Ronan,
Yeah, I guess your post confused me slightly as I thought you were talking about running the actual OS instead of running Helix boot CD.
I was. That's because that was the context of the original question.
I think what some people may be failing to realize is that the Helix CD consists of a bootable Linux side, and a Windows live response side. I can see where the confusion comes from due to Fab4's original question…
"In mounting Helix and running dd therefrom say, can you be certain that it will not swap out memory on a Win system to pagefile.sys?"

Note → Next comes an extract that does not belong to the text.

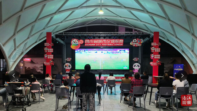 场内燃,场外也不差。绵阳市商务局消费促进科相关负责人告诉记者,川超期间,他们在万达广场、绵州记忆、江油圣名国际广场、三台潼川古城等核心商圈和文旅,设置了19个配备高清大屏、专业音响、舒适座椅的第二观赛点,配套川超主题装饰,互动打卡点和饮品售卖区,让广大市民和游客朋友在户外也拥有一个沉浸式的观赛体验。通过营造赛事+消费场景,将赛事“流量”转化为消费“增量”,全面激发消费市场活力。

So…is he referring to booting the system with the bootable Linux side (at which point you're not running Windows and there is no pagefile.sys), or are you still running the original Windows OS and using tools from Windows live response side of the Helix CD? In order to answer Fab4's question, there needs to be a distinction…I can see where folks are confused by the use of the term "mounting"…in normal usage of the term, Windows doesn't "mount" drives, while the term is quite commonly (and accurately) used in Linux environments.

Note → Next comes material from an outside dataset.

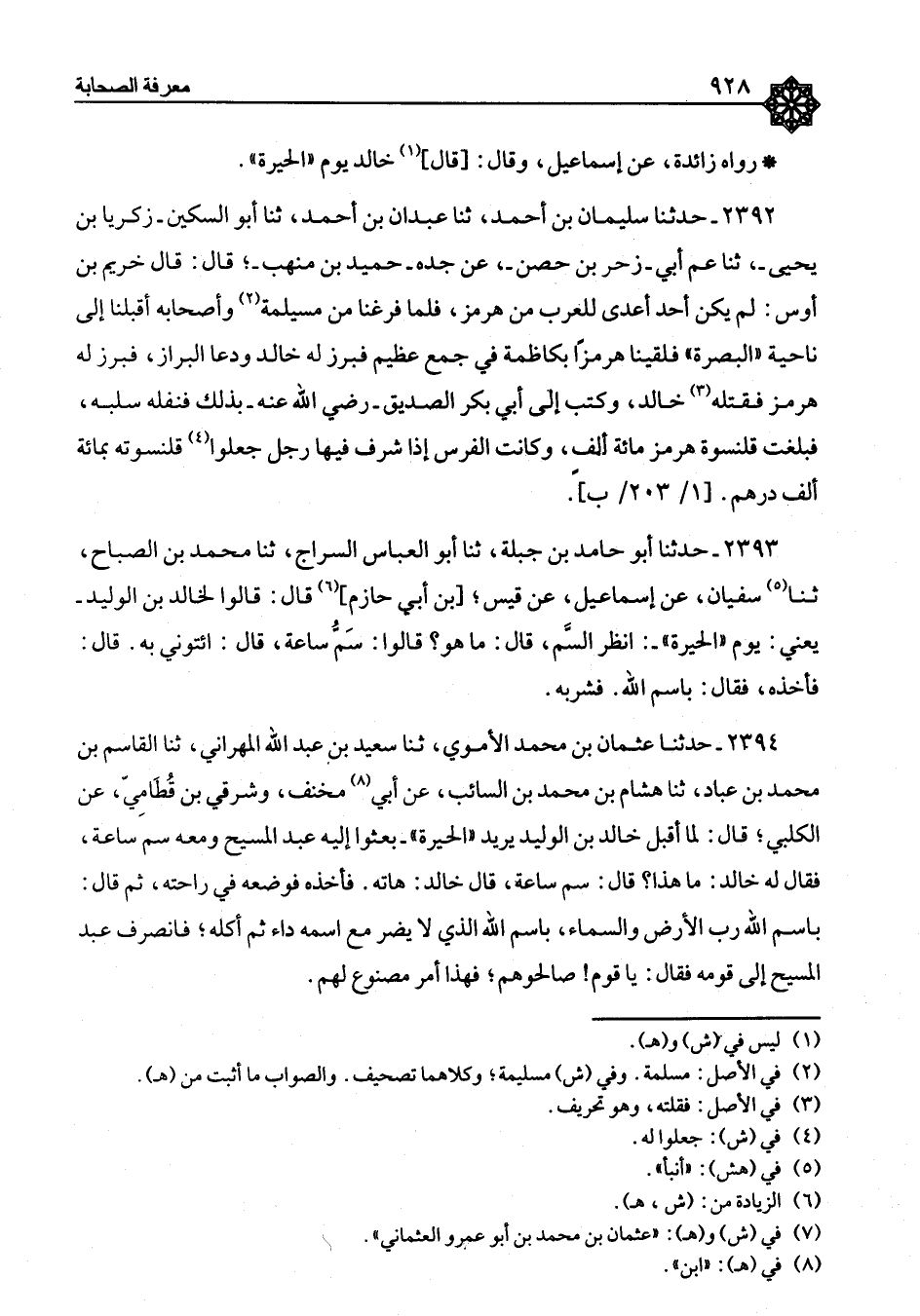 ٢٣٩٣ - حَدَّثَنَا أَبُو حَامِدِ بْنُ جَبَلَةَ، ثنا أَبُو الْعَبَّاسِ السَّرَّاجُ، ثنا مُحَمَّدُ بْنُ الصَّبَّاحِ، ثنا سُفْيَانُ، عَنْ إِسْمَاعِيلَ، عَنْ قَيْسِ بْنِ أَبِي حَازِمٍ، قَالَ: " قَالُوا لِخَالِدِ بْنِ الْوَلِيدِ يَعْنِي يَوْمَ الْحِيرَةِ: انْظُرِ السَّمَّ قَالَ: مَا هُوَ؟ قَالُوا: سَمُّ سَاعَةٍ , قَالَ: ائْتُونِي بِهِ , قَالَ: فَأَخَذَهُ، فَقَالَ: بِاسْمِ اللهِ، فَشَرِبَهُ "

So if Helix Boot CD writes to memory, are the contents of memory written to the pagefile on the suspects HD?
Okay, you've used the term "Boot", so I'm going to assume you're referring to booting the suspect Windows system to Linux using Helix…at which point, there is no pagefile.sys any longer, b/c you're not working in Windows.
HKEY_LOCAL_MACHINE\SYSTEM\CurrentControlSet\Control\Session Manager\Memory Management. Set DisablePagingExecutive value to 1.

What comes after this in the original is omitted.